§ **Task prompt**: Go through the records and transcribe them exactly, passing over any picture.

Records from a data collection

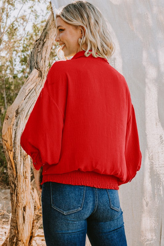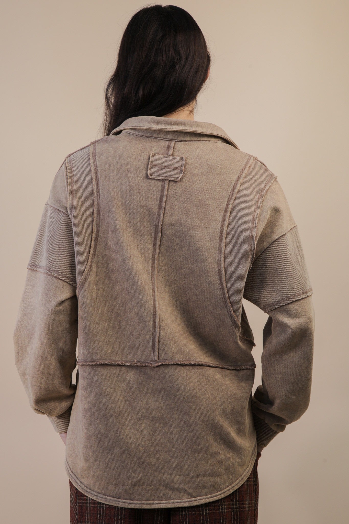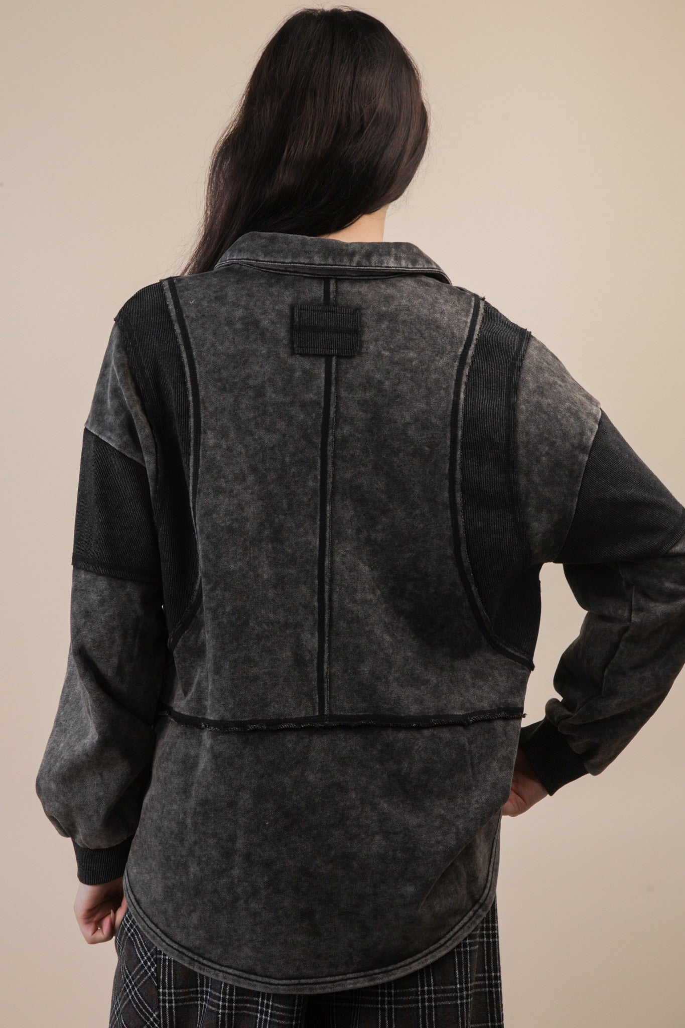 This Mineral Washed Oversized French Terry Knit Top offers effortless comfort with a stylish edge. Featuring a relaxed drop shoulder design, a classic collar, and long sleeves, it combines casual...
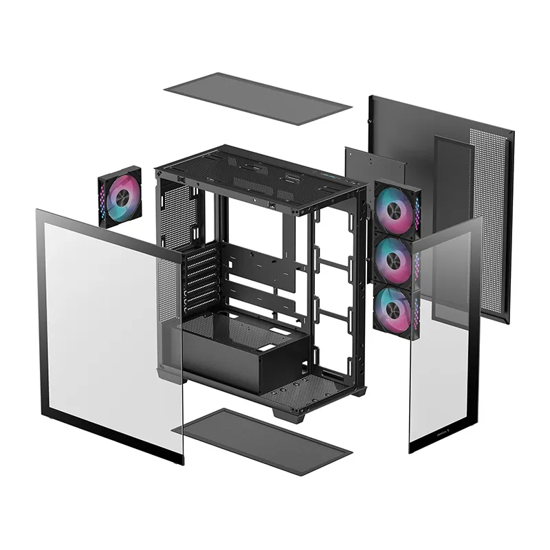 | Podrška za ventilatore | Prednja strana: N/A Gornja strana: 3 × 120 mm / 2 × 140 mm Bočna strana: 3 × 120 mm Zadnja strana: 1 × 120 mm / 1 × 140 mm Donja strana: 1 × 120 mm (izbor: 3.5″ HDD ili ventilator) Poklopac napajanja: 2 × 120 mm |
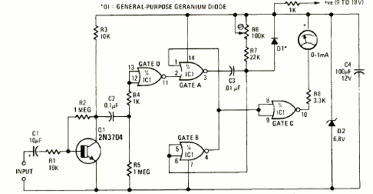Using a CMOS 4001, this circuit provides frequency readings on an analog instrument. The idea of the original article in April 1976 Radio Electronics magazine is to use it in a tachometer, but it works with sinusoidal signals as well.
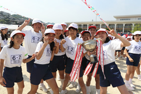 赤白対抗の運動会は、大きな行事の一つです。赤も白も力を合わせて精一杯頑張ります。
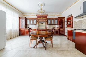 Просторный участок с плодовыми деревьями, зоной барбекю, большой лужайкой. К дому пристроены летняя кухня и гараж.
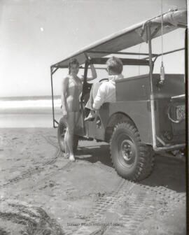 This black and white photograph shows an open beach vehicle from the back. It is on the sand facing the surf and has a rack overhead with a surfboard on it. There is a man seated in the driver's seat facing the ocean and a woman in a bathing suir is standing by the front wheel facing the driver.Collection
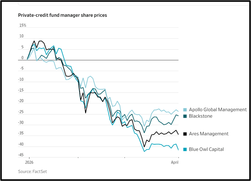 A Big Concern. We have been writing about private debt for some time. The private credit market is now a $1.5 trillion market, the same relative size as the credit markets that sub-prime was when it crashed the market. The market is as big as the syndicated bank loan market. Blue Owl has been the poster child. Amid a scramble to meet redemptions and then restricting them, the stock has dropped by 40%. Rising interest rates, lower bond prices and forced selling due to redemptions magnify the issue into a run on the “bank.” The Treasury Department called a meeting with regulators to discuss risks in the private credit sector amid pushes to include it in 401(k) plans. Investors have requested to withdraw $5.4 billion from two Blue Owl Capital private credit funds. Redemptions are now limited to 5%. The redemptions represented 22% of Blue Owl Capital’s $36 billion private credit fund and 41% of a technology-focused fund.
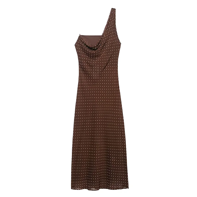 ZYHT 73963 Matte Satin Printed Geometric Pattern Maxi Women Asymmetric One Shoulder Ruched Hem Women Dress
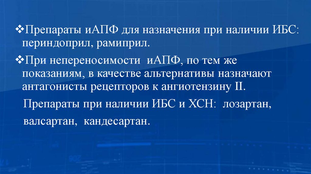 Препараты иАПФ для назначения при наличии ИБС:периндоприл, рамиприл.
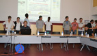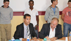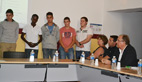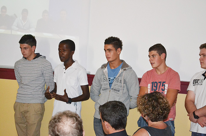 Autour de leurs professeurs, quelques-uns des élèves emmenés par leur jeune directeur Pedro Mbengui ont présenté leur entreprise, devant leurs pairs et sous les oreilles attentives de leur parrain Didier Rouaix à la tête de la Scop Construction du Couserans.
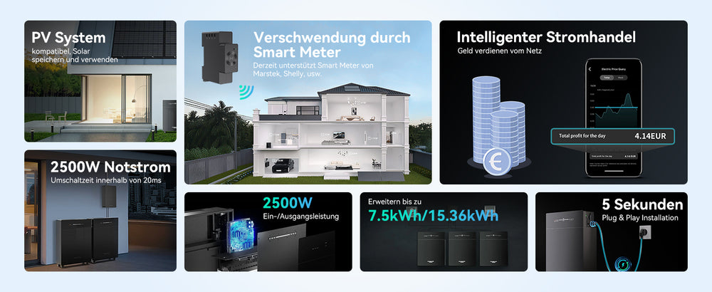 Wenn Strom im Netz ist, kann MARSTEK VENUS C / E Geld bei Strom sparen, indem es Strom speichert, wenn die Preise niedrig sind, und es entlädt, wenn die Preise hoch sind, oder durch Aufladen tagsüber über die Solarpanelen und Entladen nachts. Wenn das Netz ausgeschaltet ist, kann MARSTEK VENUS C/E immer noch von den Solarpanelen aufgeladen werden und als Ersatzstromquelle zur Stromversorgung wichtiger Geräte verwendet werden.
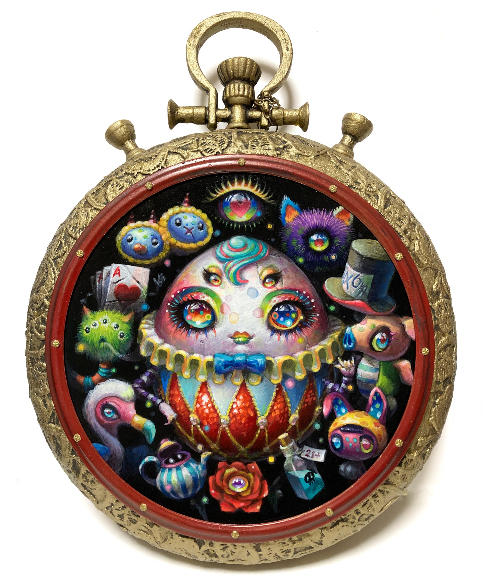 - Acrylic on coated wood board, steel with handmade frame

§ **Task answer**:
 This Mineral Washed Oversized French Terry Knit Top offers effortless comfort with a stylish edge. Featuring a relaxed drop shoulder design, a classic collar, and long sleeves, it combines casual...
 | Podrška za ventilatore | Prednja strana: N/A Gornja strana: 3 × 120 mm / 2 × 140 mm Bočna strana: 3 × 120 mm Zadnja strana: 1 × 120 mm / 1 × 140 mm Donja strana: 1 × 120 mm (izbor: 3.5″ HDD ili ventilator) Poklopac napajanja: 2 × 120 mm |
Using a CMOS 4001, this circuit provides frequency readings on an analog instrument. The idea of the original article in April 1976 Radio Electronics magazine is to use it in a tachometer, but it works with sinusoidal signals as well.
 赤白対抗の運動会は、大きな行事の一つです。赤も白も力を合わせて精一杯頑張ります。
 Просторный участок с плодовыми деревьями, зоной барбекю, большой лужайкой. К дому пристроены летняя кухня и гараж.
 This black and white photograph shows an open beach vehicle from the back. It is on the sand facing the surf and has a rack overhead with a surfboard on it. There is a man seated in the driver's seat facing the ocean and a woman in a bathing suir is standing by the front wheel facing the driver.Collection
 A Big Concern. We have been writing about private debt for some time. The private credit market is now a $1.5 trillion market, the same relative size as the credit markets that sub-prime was when it crashed the market. The market is as big as the syndicated bank loan market. Blue Owl has been the poster child. Amid a scramble to meet redemptions and then restricting them, the stock has dropped by 40%. Rising interest rates, lower bond prices and forced selling due to redemptions magnify the issue into a run on the “bank.” The Treasury Department called a meeting with regulators to discuss risks in the private credit sector amid pushes to include it in 401(k) plans. Investors have requested to withdraw $5.4 billion from two Blue Owl Capital private credit funds. Redemptions are now limited to 5%. The redemptions represented 22% of Blue Owl Capital’s $36 billion private credit fund and 41% of a technology-focused fund.
 ZYHT 73963 Matte Satin Printed Geometric Pattern Maxi Women Asymmetric One Shoulder Ruched Hem Women Dress
 Препараты иАПФ для назначения при наличии ИБС:периндоприл, рамиприл.
 Autour de leurs professeurs, quelques-uns des élèves emmenés par leur jeune directeur Pedro Mbengui ont présenté leur entreprise, devant leurs pairs et sous les oreilles attentives de leur parrain Didier Rouaix à la tête de la Scop Construction du Couserans.
 Wenn Strom im Netz ist, kann MARSTEK VENUS C / E Geld bei Strom sparen, indem es Strom speichert, wenn die Preise niedrig sind, und es entlädt, wenn die Preise hoch sind, oder durch Aufladen tagsüber über die Solarpanelen und Entladen nachts. Wenn das Netz ausgeschaltet ist, kann MARSTEK VENUS C/E immer noch von den Solarpanelen aufgeladen werden und als Ersatzstromquelle zur Stromversorgung wichtiger Geräte verwendet werden.
 - Acrylic on coated wood board, steel with handmade frame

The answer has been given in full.